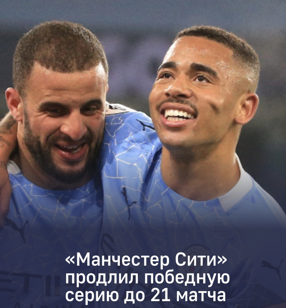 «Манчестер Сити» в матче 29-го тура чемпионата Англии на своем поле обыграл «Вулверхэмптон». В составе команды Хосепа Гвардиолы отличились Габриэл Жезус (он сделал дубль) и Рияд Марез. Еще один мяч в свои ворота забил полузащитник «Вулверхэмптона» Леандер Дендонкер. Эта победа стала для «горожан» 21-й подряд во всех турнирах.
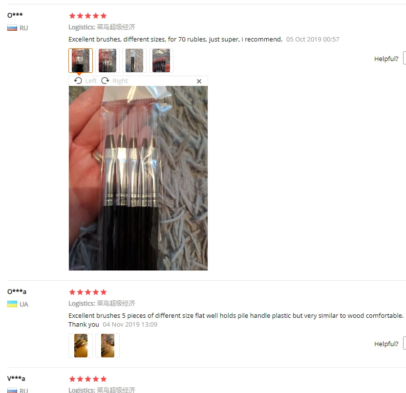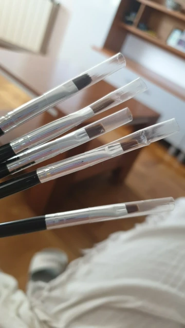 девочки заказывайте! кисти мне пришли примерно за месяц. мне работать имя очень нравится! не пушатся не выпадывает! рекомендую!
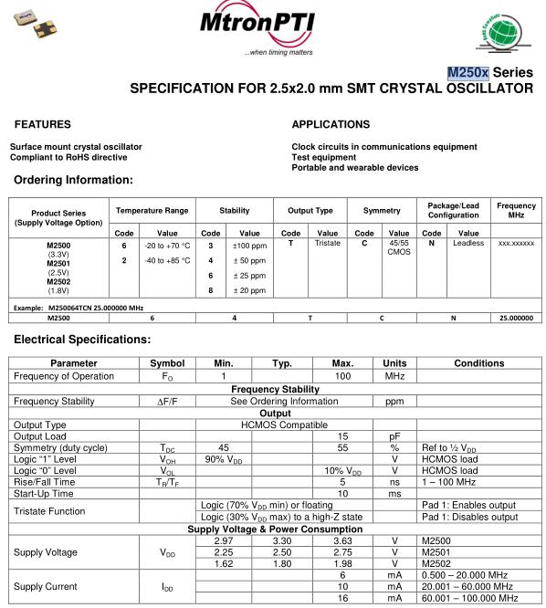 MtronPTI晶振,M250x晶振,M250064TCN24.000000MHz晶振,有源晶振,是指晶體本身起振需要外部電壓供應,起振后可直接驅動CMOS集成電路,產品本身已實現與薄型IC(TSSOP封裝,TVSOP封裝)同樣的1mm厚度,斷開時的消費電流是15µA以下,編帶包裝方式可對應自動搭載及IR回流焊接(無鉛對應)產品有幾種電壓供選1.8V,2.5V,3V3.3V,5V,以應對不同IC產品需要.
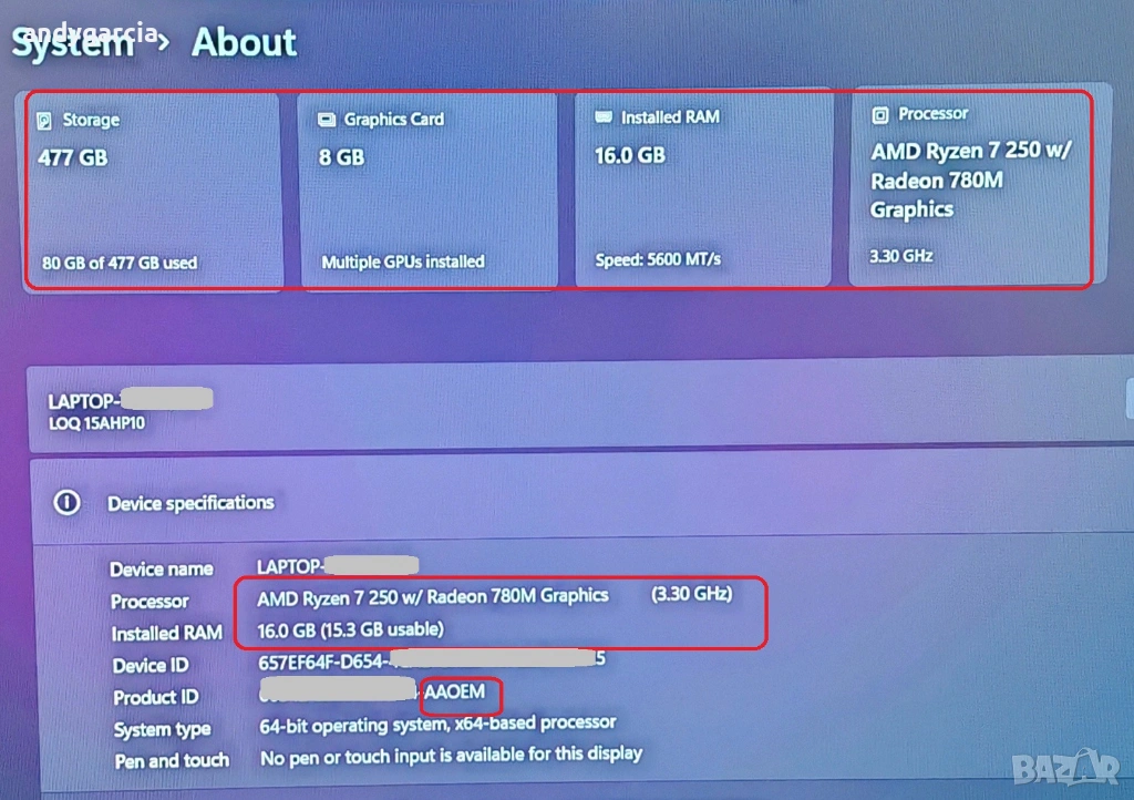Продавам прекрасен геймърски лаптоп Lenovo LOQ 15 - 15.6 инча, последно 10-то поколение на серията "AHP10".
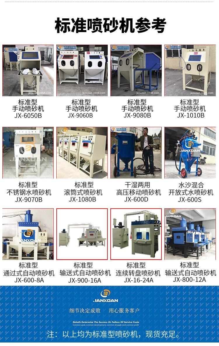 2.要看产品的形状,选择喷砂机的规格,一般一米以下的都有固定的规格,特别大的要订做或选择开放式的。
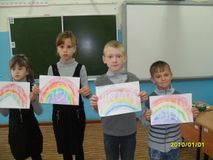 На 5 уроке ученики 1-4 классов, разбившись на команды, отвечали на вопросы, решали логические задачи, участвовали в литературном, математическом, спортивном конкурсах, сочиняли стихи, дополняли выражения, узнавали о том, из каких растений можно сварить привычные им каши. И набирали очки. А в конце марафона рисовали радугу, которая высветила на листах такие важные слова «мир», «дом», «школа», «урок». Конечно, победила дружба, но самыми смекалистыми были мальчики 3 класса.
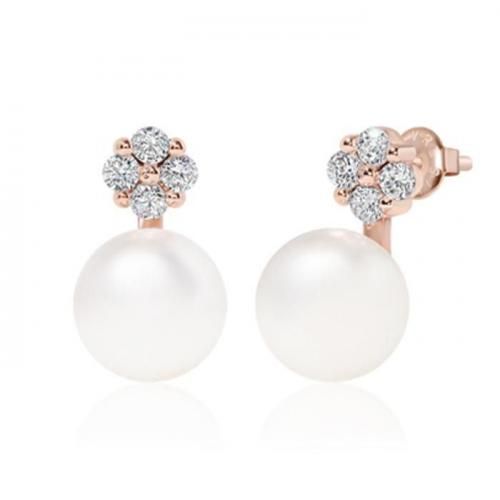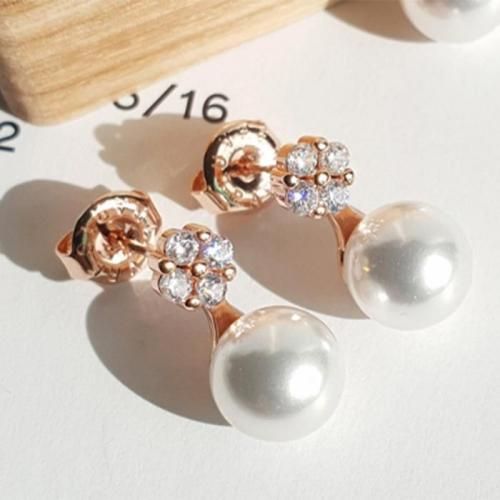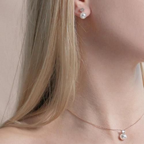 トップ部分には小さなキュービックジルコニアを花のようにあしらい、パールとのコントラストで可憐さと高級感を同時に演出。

______

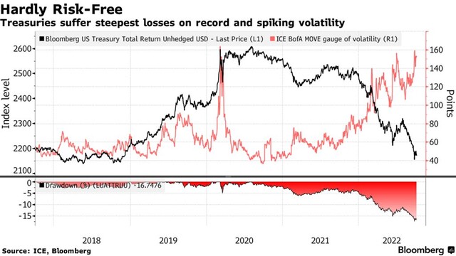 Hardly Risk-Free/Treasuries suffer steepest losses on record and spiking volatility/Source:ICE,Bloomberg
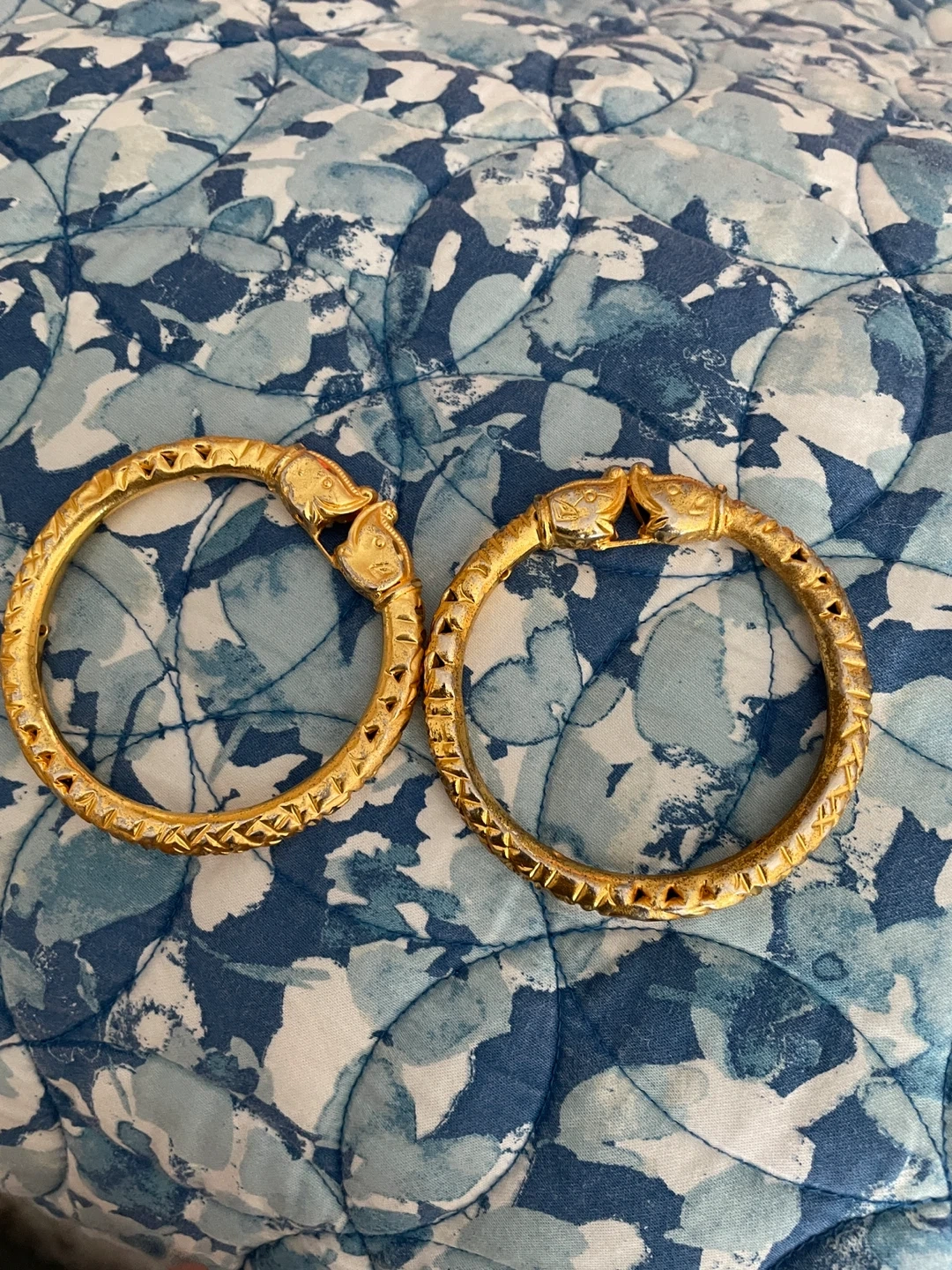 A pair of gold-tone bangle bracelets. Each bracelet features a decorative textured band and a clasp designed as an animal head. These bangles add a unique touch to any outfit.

______

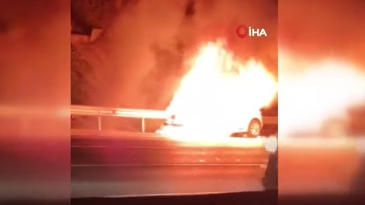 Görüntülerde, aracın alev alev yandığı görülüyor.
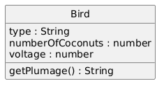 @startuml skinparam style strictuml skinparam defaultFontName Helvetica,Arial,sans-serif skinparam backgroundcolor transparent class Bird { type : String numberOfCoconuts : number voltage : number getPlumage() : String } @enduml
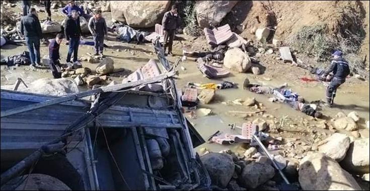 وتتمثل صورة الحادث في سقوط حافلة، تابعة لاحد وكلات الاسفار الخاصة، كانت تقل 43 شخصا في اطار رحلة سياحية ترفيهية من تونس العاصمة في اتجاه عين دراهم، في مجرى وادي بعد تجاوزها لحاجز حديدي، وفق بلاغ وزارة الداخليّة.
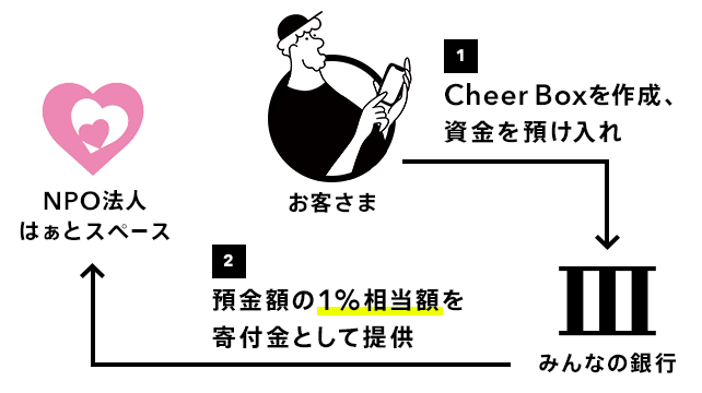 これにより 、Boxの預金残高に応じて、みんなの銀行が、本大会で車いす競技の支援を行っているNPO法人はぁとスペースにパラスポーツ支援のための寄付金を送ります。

______

## What you have to do:
Restate word for word every line from the one with "MtronPTI晶振,M25" up to and including the one with "トップ部分には小さなキュービ" in the records above, minus the pictures.

## Answer space:
 MtronPTI晶振,M250x晶振,M250064TCN24.000000MHz晶振,有源晶振,是指晶體本身起振需要外部電壓供應,起振后可直接驅動CMOS集成電路,產品本身已實現與薄型IC(TSSOP封裝,TVSOP封裝)同樣的1mm厚度,斷開時的消費電流是15µA以下,編帶包裝方式可對應自動搭載及IR回流焊接(無鉛對應)產品有幾種電壓供選1.8V,2.5V,3V3.3V,5V,以應對不同IC產品需要.
Продавам прекрасен геймърски лаптоп Lenovo LOQ 15 - 15.6 инча, последно 10-то поколение на серията "AHP10".
 2.要看产品的形状,选择喷砂机的规格,一般一米以下的都有固定的规格,特别大的要订做或选择开放式的。
 На 5 уроке ученики 1-4 классов, разбившись на команды, отвечали на вопросы, решали логические задачи, участвовали в литературном, математическом, спортивном конкурсах, сочиняли стихи, дополняли выражения, узнавали о том, из каких растений можно сварить привычные им каши. И набирали очки. А в конце марафона рисовали радугу, которая высветила на листах такие важные слова «мир», «дом», «школа», «урок». Конечно, победила дружба, но самыми смекалистыми были мальчики 3 класса.
 トップ部分には小さなキュービックジルコニアを花のようにあしらい、パールとのコントラストで可憐さと高級感を同時に演出。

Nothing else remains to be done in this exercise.